- What this task involves: Reproduce from the records below, with no pictures, exactly the lines between the one containing "El campeón, con" and the one containing "El corto 'El", inclusive.

++++ Raw data

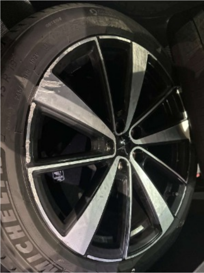
2.18 Kantkjørt sommerfelger(vedlegg)
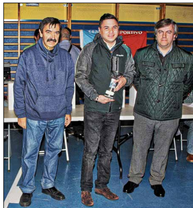
El campeón, con los presidentes de la Fed. Madrileña y del CDV.
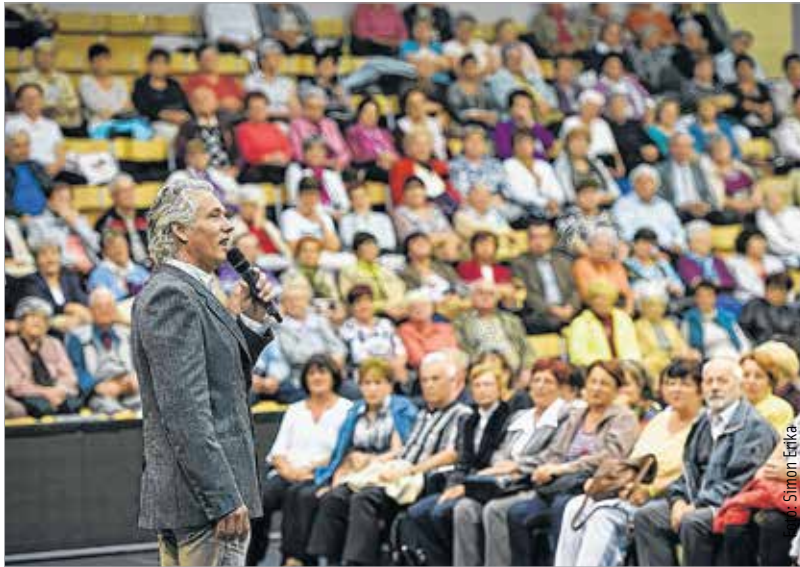
Telt ház várta a Vörösmarty Színház művészeit a sportcsarnokban
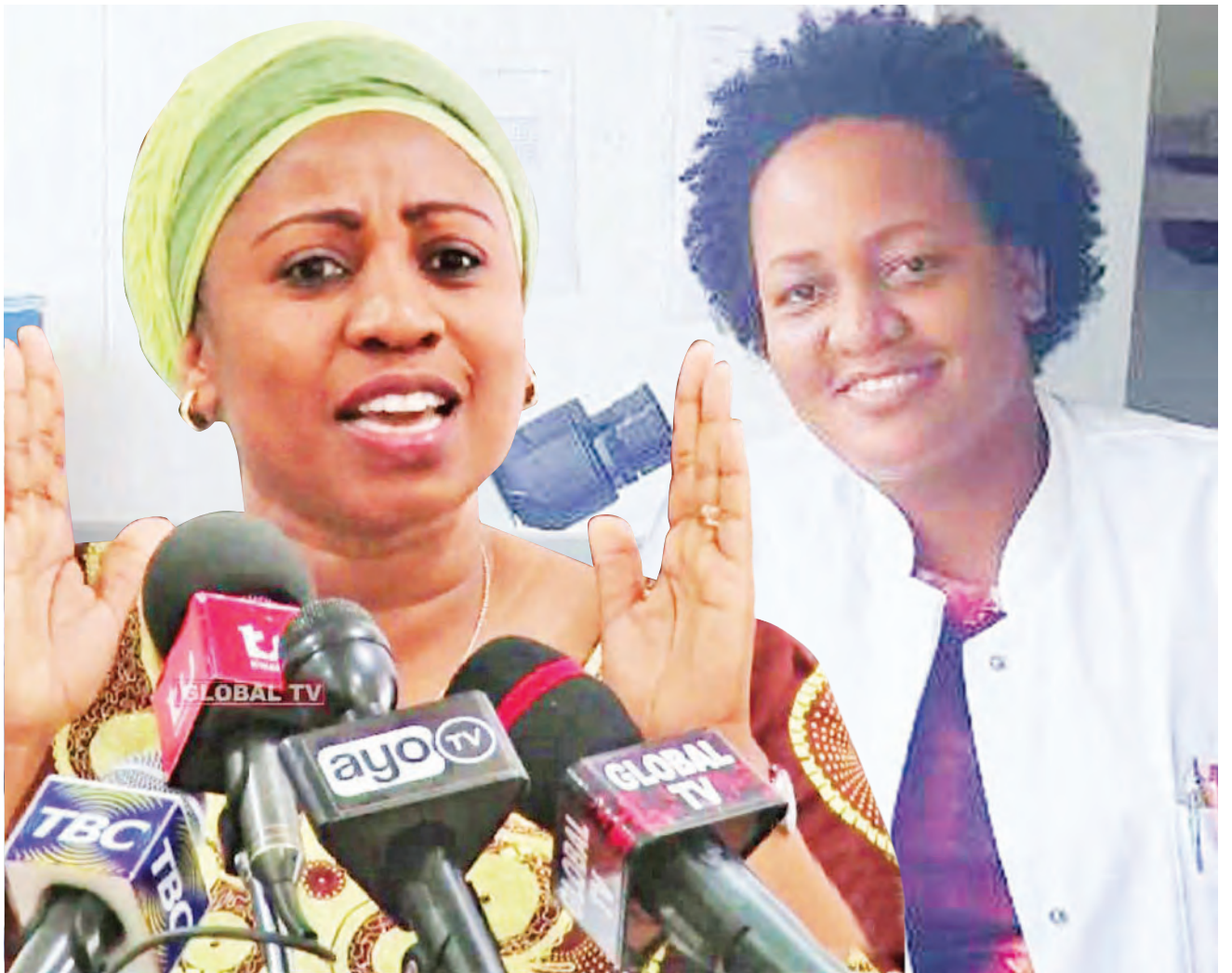
Waziri wa Afya, Maendeleo ya Jamii, Jinsia, Wazee na Watoto, Umyy Mwalimu.
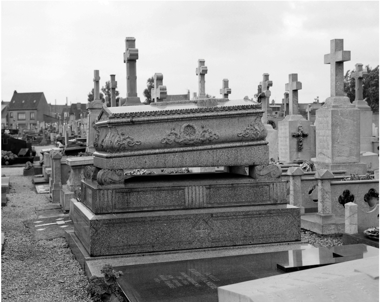
Tombeau de la famille Corbec-Fourny.
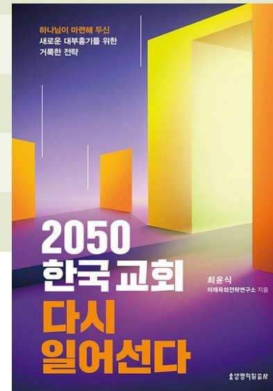
공동저서: 2050 한국교회 다시 일어선다. (생명의 말씀사, 2023)
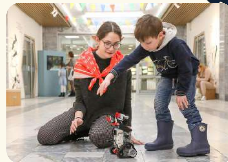
ПРОСТО КОСМОС — 2022
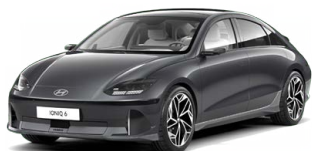
Nocturne Gray Matná metalická Cena: 24 900 Kč
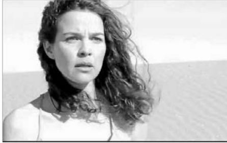
El corto 'El día cero', que se presenta este año en distintos festivales, aborda el caso de una afectada.

Explica que la enfermedad se manifiesta en brotes y lo que se intenta es que se mantenga la mayor cantidad de tiempo posible latente. Está demostrado que el sol es uno de los desencadenantes, es decir, es uno de los ele-
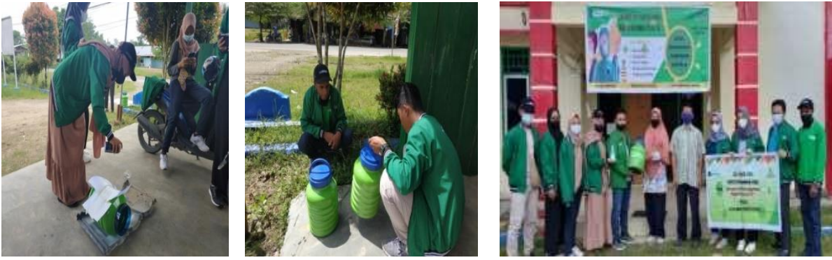
Gambar 3 Pendistribusian Alat Cuci Tangan di Kantor Kelurahan

Pada gambar 3 di atas adalah kegiatan untuk menyediakan sarana cuci tangan. Pada kegiatan ini, yang dilakukan adalah pemilihan bahan kemudian pendistribusian. Tujuan kegiatan diatas untuk menyediakan sarana cuci tangan dalam menjaga kebersihan tangan baik sebelum dan sesudah memasuki sarana umum seperti rumah makan dan perkantoran yang berada di wilayah Kelurahan Klamalu Distrik Mariat Kabupaten Sorong. Secara sederhana, sarana ini sebetulnya sebagai pembiasaan masyarakat dalam rangka penerapan pola PHBS yakni untuk mencuci tangan dengan sabun dan air yang mengalir [7].

++++++++

- Written response:
El campeón, con los presidentes de la Fed. Madrileña y del CDV.
Telt ház várta a Vörösmarty Színház művészeit a sportcsarnokban
Waziri wa Afya, Maendeleo ya Jamii, Jinsia, Wazee na Watoto, Umyy Mwalimu.
Tombeau de la famille Corbec-Fourny.
공동저서: 2050 한국교회 다시 일어선다. (생명의 말씀사, 2023)
ПРОСТО КОСМОС — 2022
Nocturne Gray Matná metalická Cena: 24 900 Kč
El corto 'El día cero', que se presenta este año en distintos festivales, aborda el caso de una afectada.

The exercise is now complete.